To silence or overexpress Cpa4 in rat cardiomyocytes, the adenovirus system was applied. For gene knockdown, short-hairpin RNA (shRNA) targeting rat Cpa4 (shCpa4, 5′-GCAAGAAACGGCCAGCCATTT-3′) or control shRNA (shCtrl, 5′-GTTCACCGTAGTTCCGTTC-3′) was cloned into the adenovirus expressing plasmid pAdTrack under the control of U6 promoter. For overexpression Cpa4 in cardiomyocytes, rat CPA4 (NM_001109346.2) expressing construct was cloned into the adenovirus expressing plasmid pAdTrack-CMV. The adenovirus packaging plasmids were transfected into HEK293A cells to produce adenovirus using a standard protocol as described previously [25].

The fraction shortening and ejection fraction of control and ISO-infused mice were analyzed as described previously [26,27].

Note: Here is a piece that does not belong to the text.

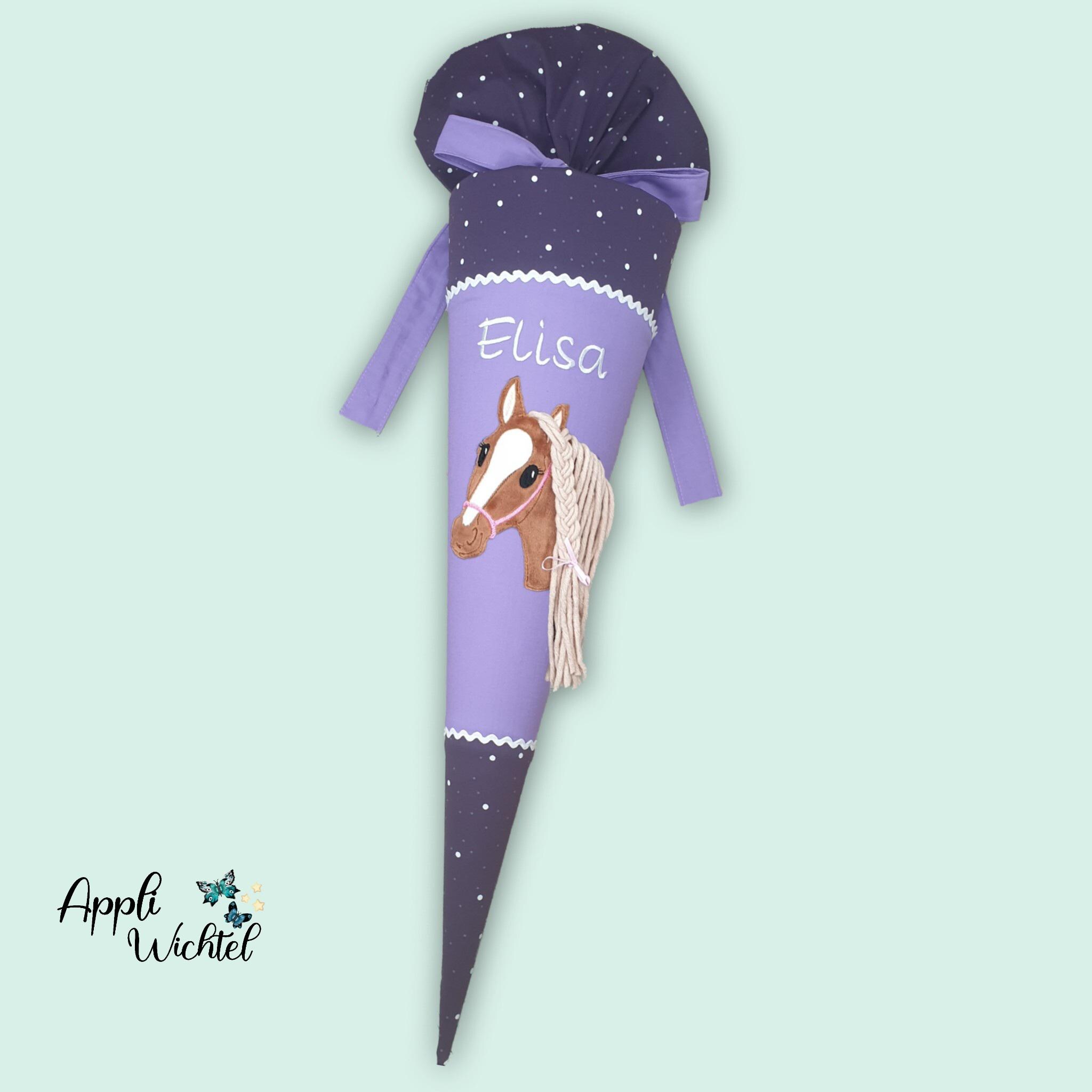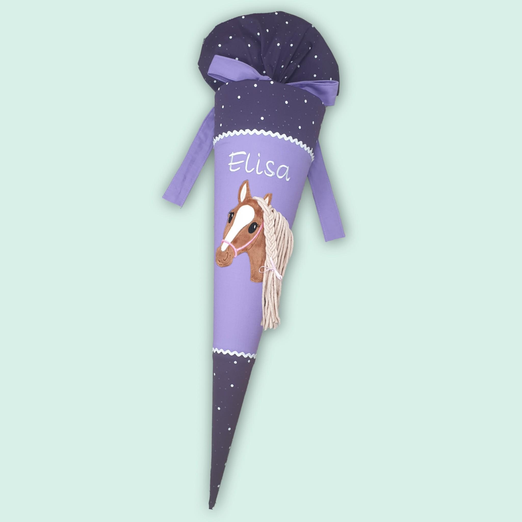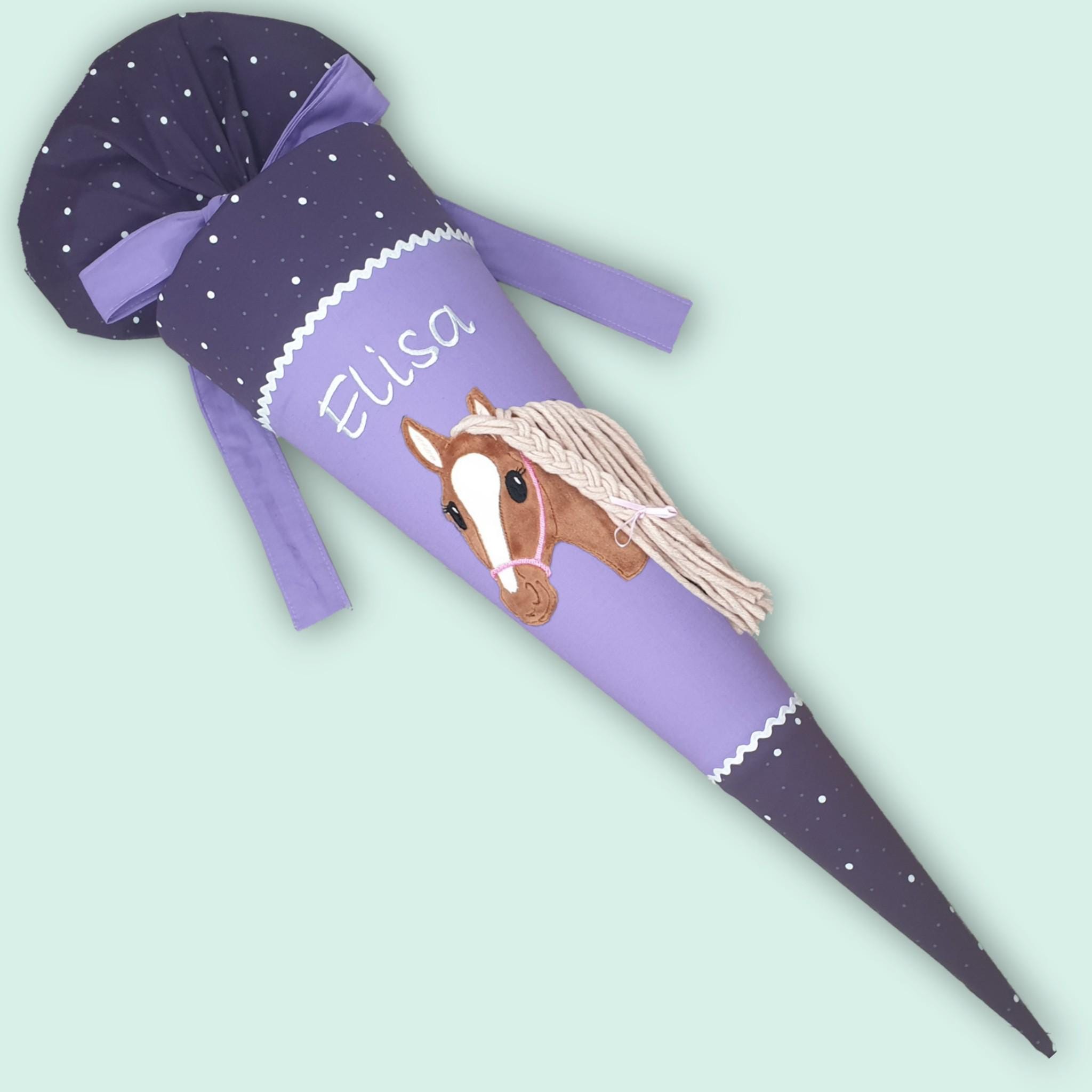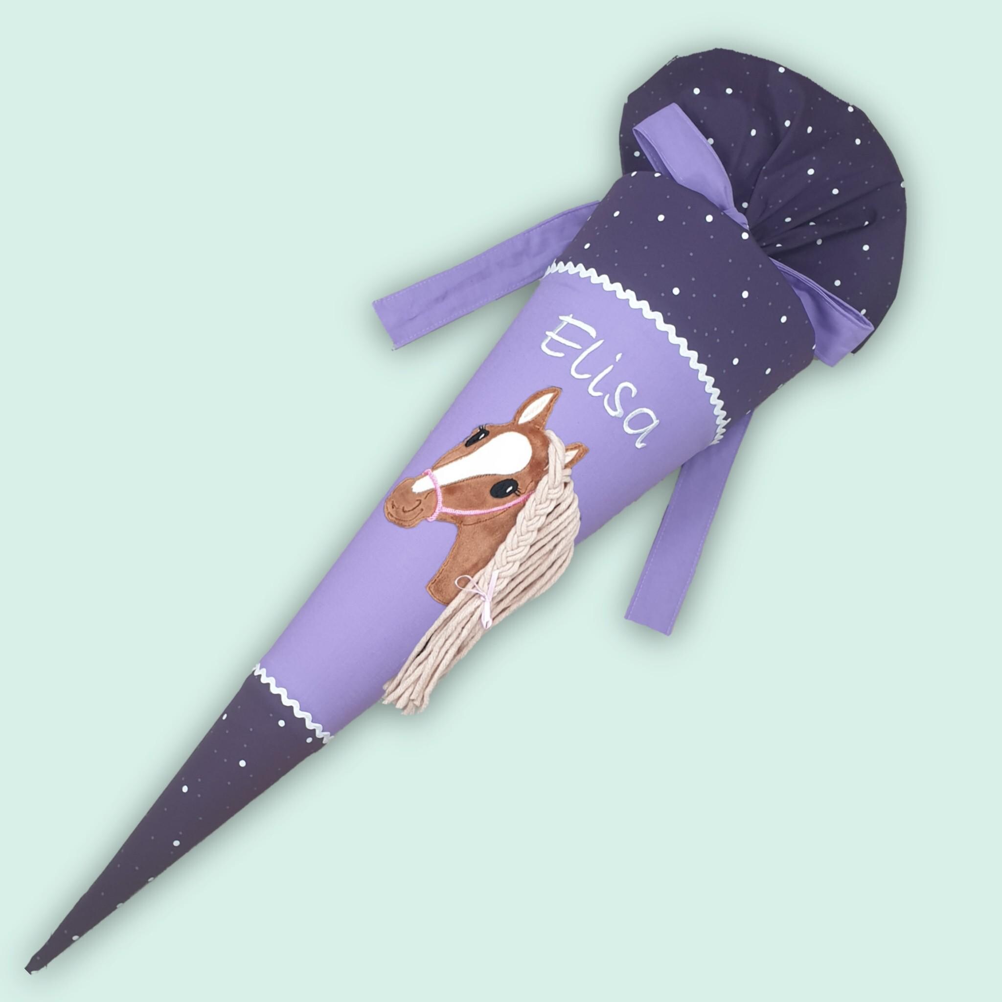 Schultüte mit Pferd und Namen farblich auf den Sternguckbär Schulranzen abgestimmt.

Protein synthesis was monitored by incorporation of [³H]-leucine into proteins as described previously [28].

All statistical values were shown as mean ± SD of three independent experiments if no other information was stated. To analyze the difference between the two groups, the standard Student’s t test was utilized. For analysis of the difference among more than two groups, two-way ANOVA followed by Tukey’s post-hoc test was applied. All the P-values less than 0.05 were considered significant. All statistical analyses were performed with the GraphPad Prism software version 8.0.

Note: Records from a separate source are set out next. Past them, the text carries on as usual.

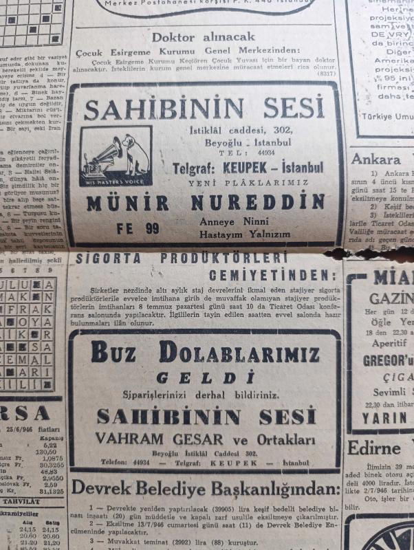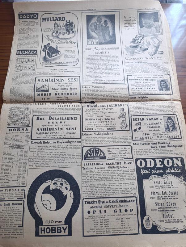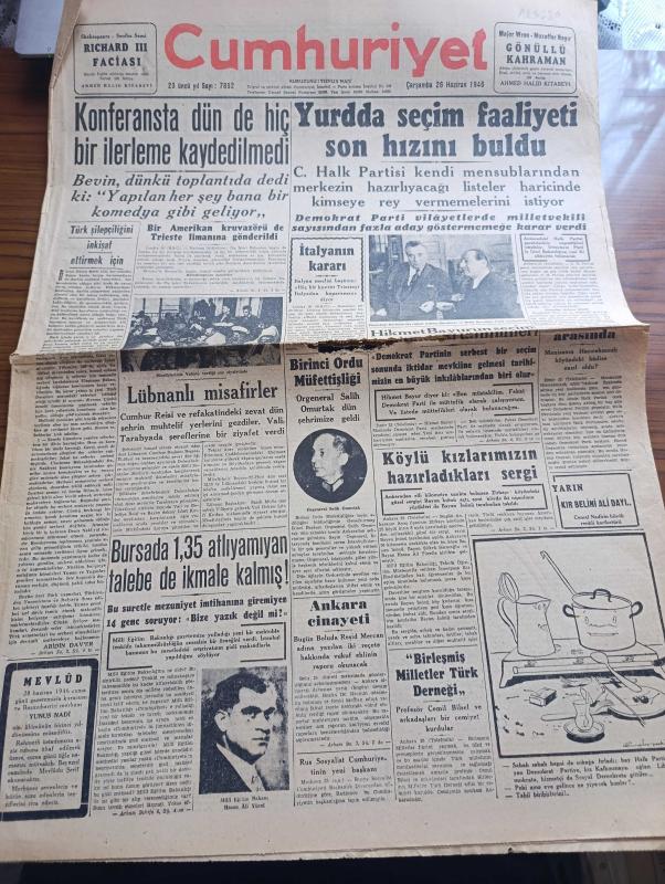 Cumhuriyet Gazetesi - 26 Haziran 1946 - Türk Şilepçiliğini İnkişaf Ettirmek İçin Yazan Abidin Daver Başmakale - Konferansta Dün De Hiç İlerleme Kaydedilmedi - Lübnan Cumhurbaşkanı Beşare Elhuri Valinin Verdiği Çay Ziyafetinde Fotoğraf - Yurtta Seçim Faaliyeti Son Hızını Buldu - Demokrat Partili Refik Koraltan Ve Adnan Menderes Parti Merkezinde Fotoğrafı - Hikmet Bayur'un Seçim Hakkındaki Tahminleri - Profesör Cemil Bilsel Ve Arkadaşları Bir Cemiyet Kurdular - Birleşmiş Milletler Türk Derneği - Milli Eğitim Bakanı Hasan Ali Yücel - Bursa'da 1,35 Atlayamayan Talebe De İkmale Kalmış - Sanat Dünyasında Harp Sonrası Yazan Muhsin Ertuğrul - Sonsuz Panayır Yazan Halide Edip Adıvar Yazı Dizisi - Amcabey Ve Hürriyet Çizen Cemal Nadir - Ekmek Meselesi Yazan Burhan Felek Köşe Yazısı - Küçük Hikaye Acele Nikah Yazan Fasih Işın - Galatasaray Ve Beşiktaş Taraftarından Davet Edilen Fransız Takımı Angulem Geldi - Münir Nurettin Yeni Plakları Sahibinin Sesi - Suzan Yakar Columbia Plaklarında, Yunus Nadi tarafından kaleme alınmıştır. Cumhuriyet Gazetesi - 26 Haziran 1946 - Türk Şilepçiliğini İnkişaf Ettirmek İçin Yazan Abidin Daver Başmakale - Konferansta Dün De Hiç İlerleme Kaydedilmedi - Lübnan Cumhurbaşkanı Beşare Elhuri Valinin Verdiği Çay Ziyafetinde Fotoğraf - Yurtta Seçim Faaliyeti Son Hızını Buldu - Demokrat Partili Refik Koraltan Ve Adnan Menderes Parti Merkezinde Fotoğrafı - Hikmet Bayur'un Seçim Hakkındaki Tahminleri - Profesör Cemil Bilsel Ve Arkadaşları Bir Cemiyet Kurdular - Birleşmiş Milletler Türk Derneği - Milli Eğitim Bakanı Hasan Ali Yücel - Bursa'da 1,35 Atlayamayan Talebe De İkmale Kalmış - Sanat Dünyasında Harp Sonrası Yazan Muhsin Ertuğrul - Sonsuz Panayır Yazan Halide Edip Adıvar Yazı Dizisi - Amcabey Ve Hürriyet Çizen Cemal Nadir - Ekmek Meselesi Yazan Burhan Felek Köşe Yazısı - Küçük Hikaye Acele Nikah Yazan Fasih Işın - Galatasaray Ve Beşiktaş Taraftarından Davet Edilen Fransız Takımı Angulem Geldi - Münir Nurettin Yeni Plakları Sahibinin Sesi - Suzan Yakar Columbia Plaklarında adlı eser Türkçe dilindedir.
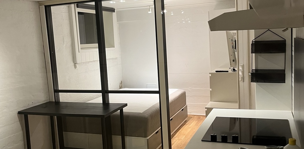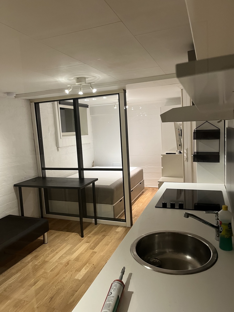Romslig og lys hybel med bad og åpen kjøkkenløsning i kort avstand til sentrum via kollektivtilbud (Østeråsbanen, Holmen t-bane stopp) og dagligvarebutikker. Passer for en person. Vannbåren varme i gulv
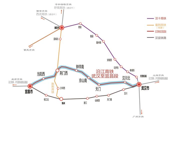 沪渝蓉高铁武宜段起自武汉市,经天门市、荆门市,终至宜昌市,正线全长313公里,设计时速350公里,新建桥梁88座、隧道25座,桥隧占比85%。全线共设8座车站,其中汉口站为既有站,汉川北、天门、京山南、钟祥南、荆门西、当阳西、宜昌北为新建车站。荆门西站部分工程已随荆荆高铁于2024年底投用。
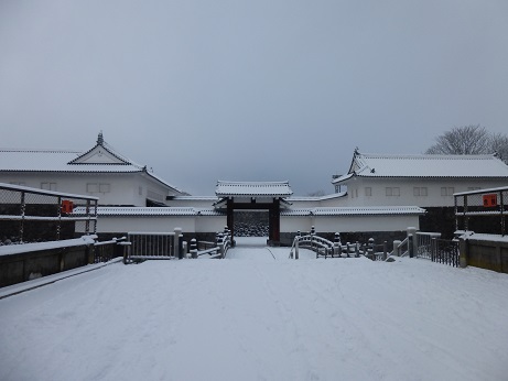 霞城公園 二の丸東大手門と最上義光公像(1月10日)
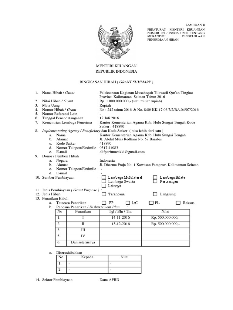 1. Nama Hibah / Grant : Pelaksanaan Kegiatan Musabaqah Tilawatil Qur'an Tingkat
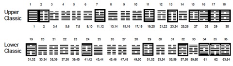 Однако он помещает оставшиеся комбинации ☰ и ☷ (т.е. S13; H23 и 24 и S25: Н43,44 относятся к числу “перекрестно-классических противоположностей”, как мы увидим ниже, и основывают свое объяснение на их семиотических триграммах, а не на палиндромных. ☳ и ☶, которые являются янскими и "небесными" (14) , составляют S13; H23 и 24 находятся в Верхнем классическом положении; ☴ и ☱ находятся в местах S25: H43,44 в Нижнем. (Ван, 21б). Однако, если нас интересуют только визуальные группировки, а не имажинистические аргументы, мы можем отметить, что главными классическими прямолинейными противоположностями являются сгруппированы с парой гексаграмм 5 фаз на одном конце и гексаграмм 4 сезонов на другом, разделенных парой из сетки и рамки для глаз (S10). С этой точки зрения предположение о том, что конфигурация гексаграммы, найденная Ваном в матрице 8 х 8, также сгруппирована в Чжоу и, заслуживает доверия. Все восемь нижних классических прямолинейных противоположностей находятся в центральном кластере матрицы 8 x 8 и распределены таким образом в системе Чжуйи.:
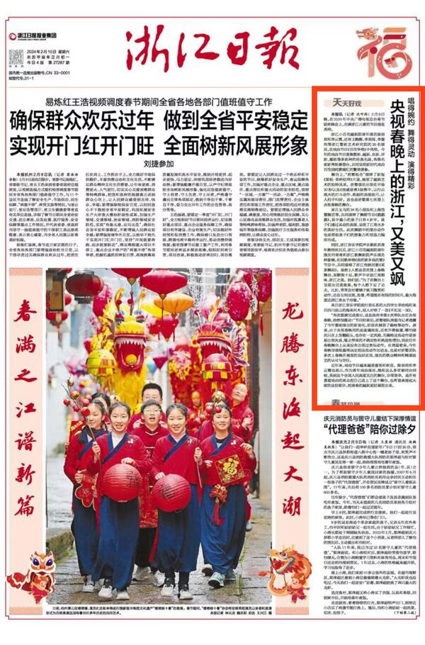 浙江日报:央视春晚上的浙江,又美又飒

CPA4 is a member of the metallocarboxypeptidase family. However, the functional involvement of CPA4 in the cardiovascular system is not clear. Here we attempted to determine the roles of CPA4 in cardiac hypertrophy in humans and rodents. To this purpose, we initially monitored the expression changes in CPA4 during cardiac hypertrophy. We collected six samples of hypertrophic hearts and six control heart tissues, and the hypertrophic growth of human hearts varied with the up-regulation of hypertrophy marker genes, such as atrial natriuretic peptide (ANP), brain natriuretic peptide (BNP), and myosin heavy chain β (β-MHC) (Figure 1A). Next, we tested the mRNA and protein levels of CPA4 with qRT-PCR and Western blot assays, respectively. The results significantly showed that the expression levels of both mRNA and protein of CPA4 were much higher in hypertrophic hearts compared with the controls (Figure 1B,C).

Next, we tested whether the up-regulation of CPA4 in hypertrophic hearts was conserved across species. Cardiac hypertrophy was induced in C57BL/6 mice by subcutaneous treatment of ISO (50 mg/kg/day) for continuous 28 days using a protocol reported previously [22]. ISO treatment induced the decrease in fraction shortening and ejection fraction in mice (Figure 1D,E). The hypertrophic growth of mouse hearts was coupled with the overexpression of hypertrophy-associated fetal genes (Anp, Bnp, and β-Mhc) (Figure 1F). Similar to the pattern in humans, the mRNA and protein levels of Cpa4 was significantly higher in ISO-induced hypertrophic hearts compared with the control hearts (Figure 1G,H).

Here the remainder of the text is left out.